Hubbs started to publish a checklist, The Fishes of Texas, during the 1960s and in the 1980s colleagues and students associated with Hubbs began to add additional information about each fish species. Hubbs wanted to turn this into a book and he labored on this project, collaborating with others until his death. However, they realized that an electronic format would reach more people and so The Fishes of Texas Online project began.

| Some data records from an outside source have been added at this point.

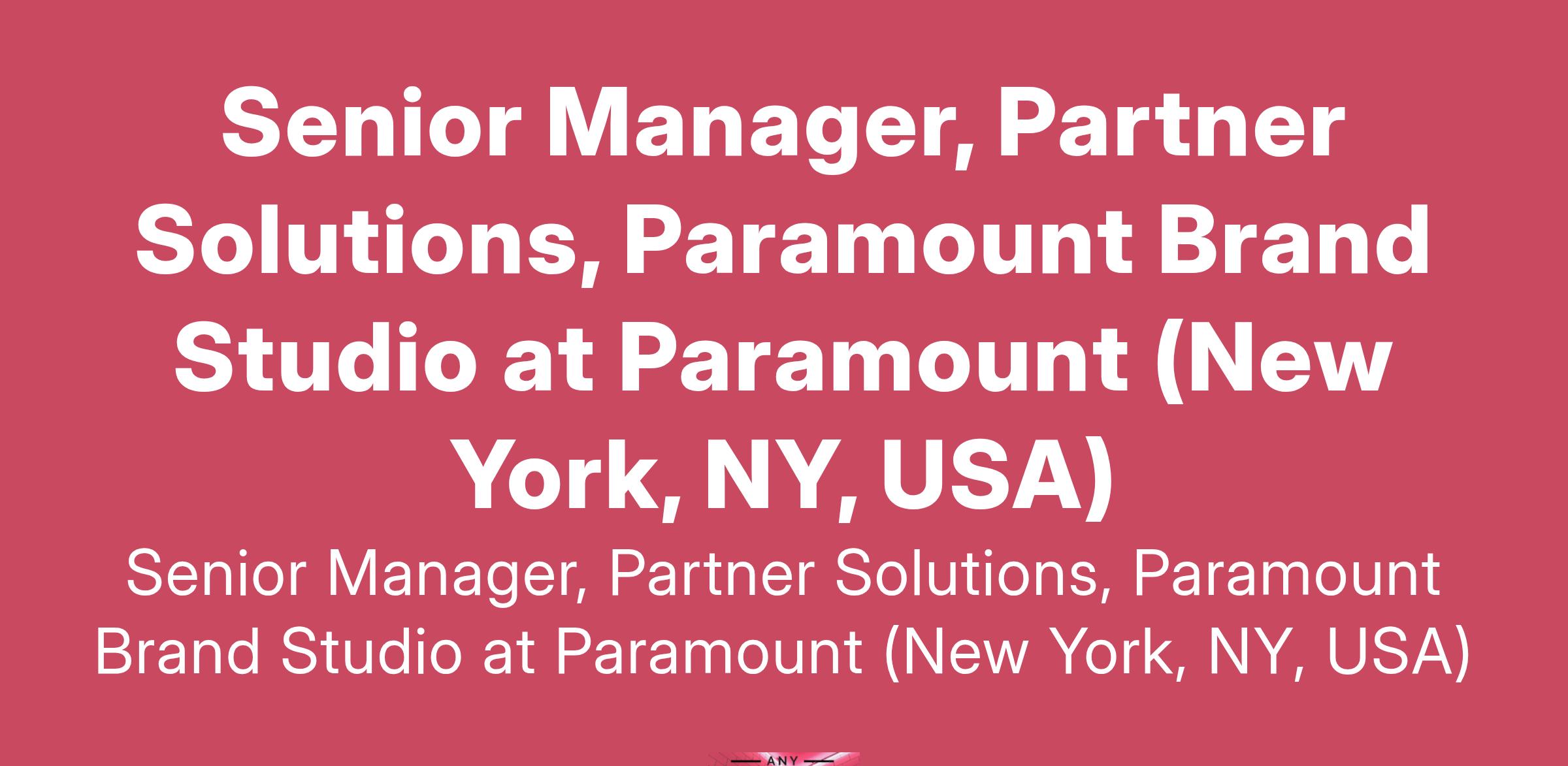 Senior Manager, Partner Solutions, Paramount Brand Studio at Paramount (New York, NY, USA)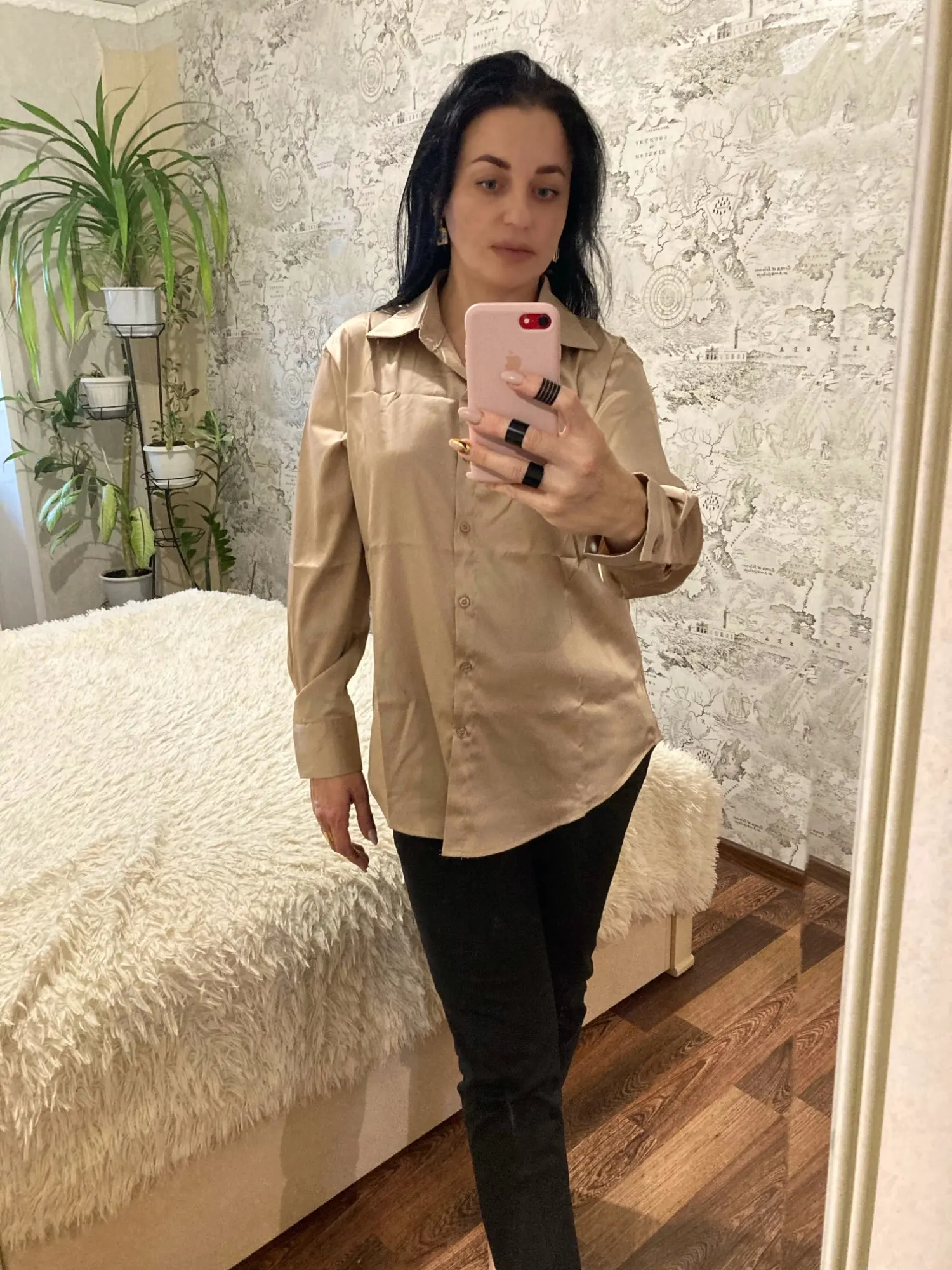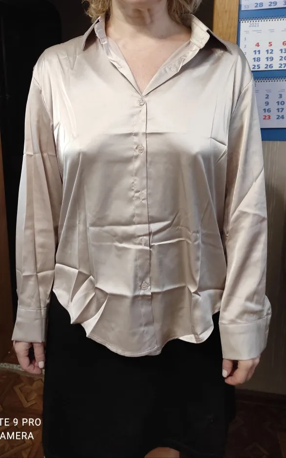 Рубашка очень классная. Купила темно синего цвета. Шёл очень долго. Обещали к концу декабря, купила для праздников но пришёл товар 8го . Размер с для 44 размера как раз, но не оверсайз, ни где не тянет. Материал приятный на ощупь, но тонкий очень. Думаю не долго будет служить. Пальцев через материал видать на просвет. С продавцом не общалась.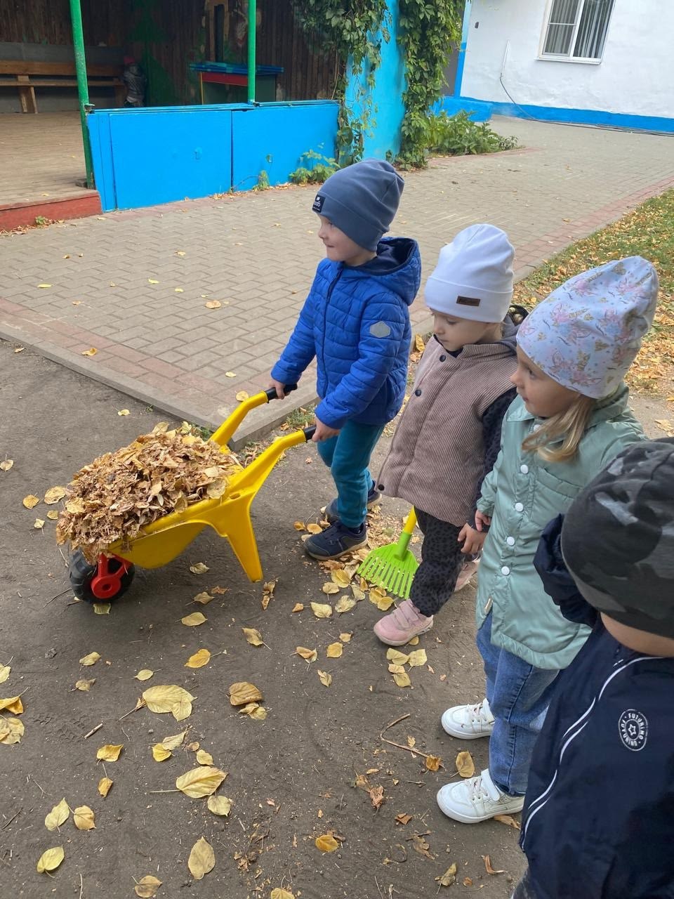 Рядом с воспитателями трудятся малыши, они во всем стараются походить на взрослых. С радостью убирают листву, собирают опавшие ветки и семена цветов. Маленький трудовой десант уже привел в порядок цветники и участки у прогулочных веранд.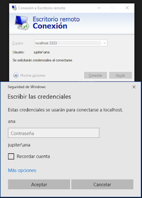 mstsc) y nos conectamos como localhost:3333. Ese puerto reenviará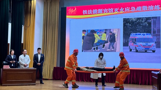與會人員共同觀看了消防安全視頻宣傳片和公司賓館以情景劇模式開展的突發(fā)火災事故應急疏散演練。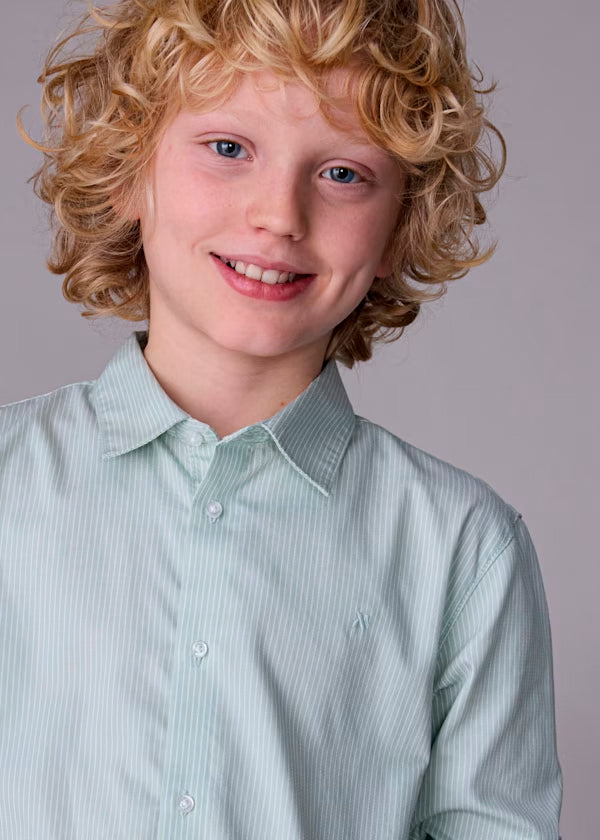 Camisa de manga larga para chico con puños abotonados. Cuello camisero. Línea de corte clásico. Cierre con botones en la parte delantera. Modelo perteneciente a nuestra colección Mayoral Basic, una prenda esencial en su armario para completar cualquier look.

== Taxa named in his honor ==
Hubbs had at least three species of fish named in his honor:
- The signal triplefin, Lepidonectes clarkhubbsi Bussing, 1991
- Menidia clarkhubbsi, and
- Gambusia clarkhubbsi.

==Personal life==
Hubbs met Catherine V. Symons on a field trip with the Stanford University Natural History Club and married her in 1949. His parents had met in a similar fashion. They had three children: Laura (born 1950), John (born 1952) and Anne (born 1955). Hubbs was known for his collection of clothing depicting fish. Hubbs died from cancer in Austin on February 3, 2008.